Set down, unchanged, the line holding "P&V Panels heeft" and all lines that follow it to the end of the material, leaving pictures out.

Supplied information
--------------------

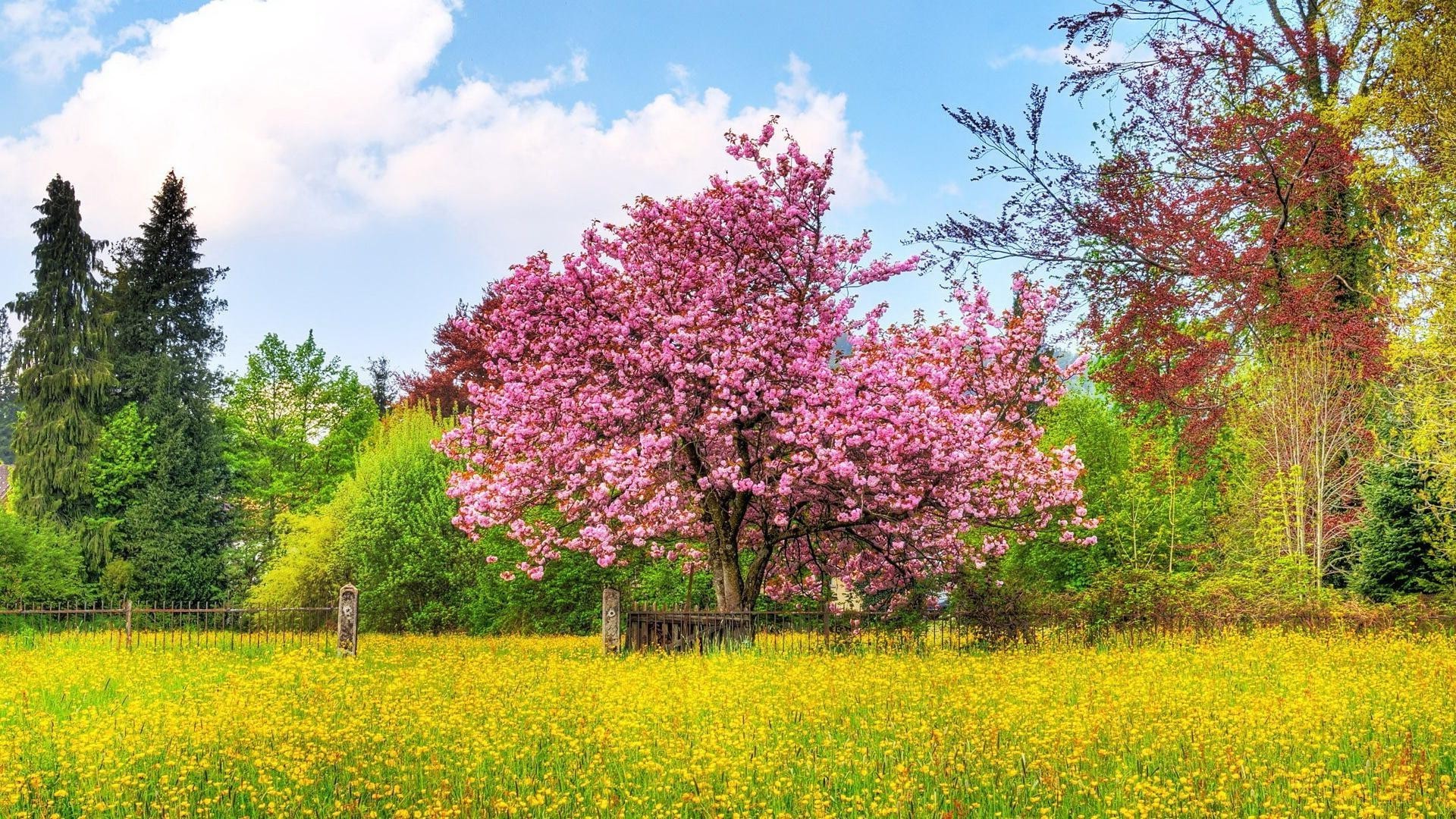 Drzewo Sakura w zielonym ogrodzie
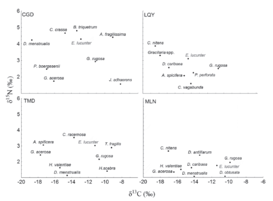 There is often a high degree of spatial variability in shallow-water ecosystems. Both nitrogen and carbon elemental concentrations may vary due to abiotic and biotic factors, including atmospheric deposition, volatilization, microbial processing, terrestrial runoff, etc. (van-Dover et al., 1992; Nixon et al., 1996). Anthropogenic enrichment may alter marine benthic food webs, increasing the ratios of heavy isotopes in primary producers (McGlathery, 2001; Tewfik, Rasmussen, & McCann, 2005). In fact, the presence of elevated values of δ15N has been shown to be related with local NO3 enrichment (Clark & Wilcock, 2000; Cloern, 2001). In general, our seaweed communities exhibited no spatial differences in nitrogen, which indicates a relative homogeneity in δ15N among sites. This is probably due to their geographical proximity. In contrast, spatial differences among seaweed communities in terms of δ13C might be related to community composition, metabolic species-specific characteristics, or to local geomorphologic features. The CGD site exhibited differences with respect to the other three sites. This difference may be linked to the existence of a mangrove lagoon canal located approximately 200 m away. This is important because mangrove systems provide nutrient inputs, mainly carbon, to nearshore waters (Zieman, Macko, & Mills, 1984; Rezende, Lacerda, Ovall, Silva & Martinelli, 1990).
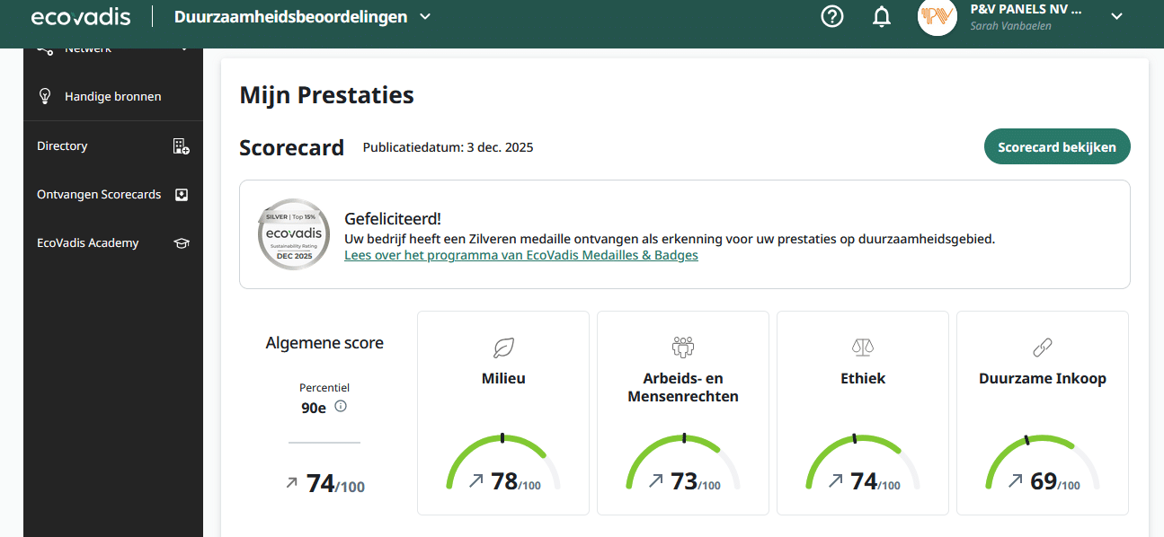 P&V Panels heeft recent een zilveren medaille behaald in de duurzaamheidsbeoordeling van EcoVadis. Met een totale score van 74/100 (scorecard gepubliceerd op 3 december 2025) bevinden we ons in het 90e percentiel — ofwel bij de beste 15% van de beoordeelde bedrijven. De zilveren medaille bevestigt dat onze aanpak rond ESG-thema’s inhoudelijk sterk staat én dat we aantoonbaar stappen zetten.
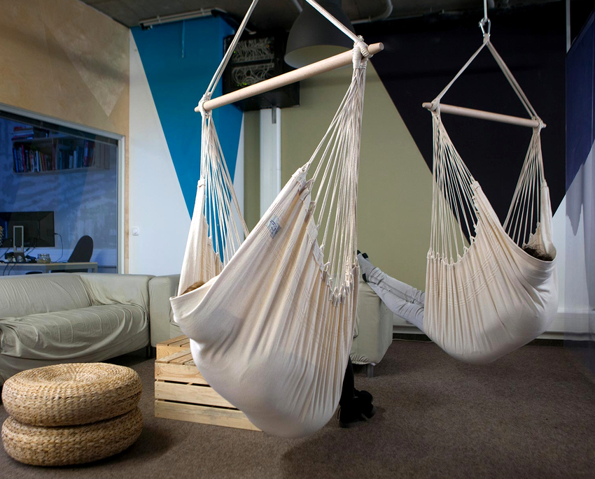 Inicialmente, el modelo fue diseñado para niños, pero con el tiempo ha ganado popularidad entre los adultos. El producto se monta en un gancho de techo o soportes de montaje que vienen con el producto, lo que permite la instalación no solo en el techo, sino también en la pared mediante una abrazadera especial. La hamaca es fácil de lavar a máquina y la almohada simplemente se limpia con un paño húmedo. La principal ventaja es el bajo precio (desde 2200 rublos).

--------------------

Solution to this problem
 P&V Panels heeft recent een zilveren medaille behaald in de duurzaamheidsbeoordeling van EcoVadis. Met een totale score van 74/100 (scorecard gepubliceerd op 3 december 2025) bevinden we ons in het 90e percentiel — ofwel bij de beste 15% van de beoordeelde bedrijven. De zilveren medaille bevestigt dat onze aanpak rond ESG-thema’s inhoudelijk sterk staat én dat we aantoonbaar stappen zetten.
 Inicialmente, el modelo fue diseñado para niños, pero con el tiempo ha ganado popularidad entre los adultos. El producto se monta en un gancho de techo o soportes de montaje que vienen con el producto, lo que permite la instalación no solo en el techo, sino también en la pared mediante una abrazadera especial. La hamaca es fácil de lavar a máquina y la almohada simplemente se limpia con un paño húmedo. La principal ventaja es el bajo precio (desde 2200 rublos).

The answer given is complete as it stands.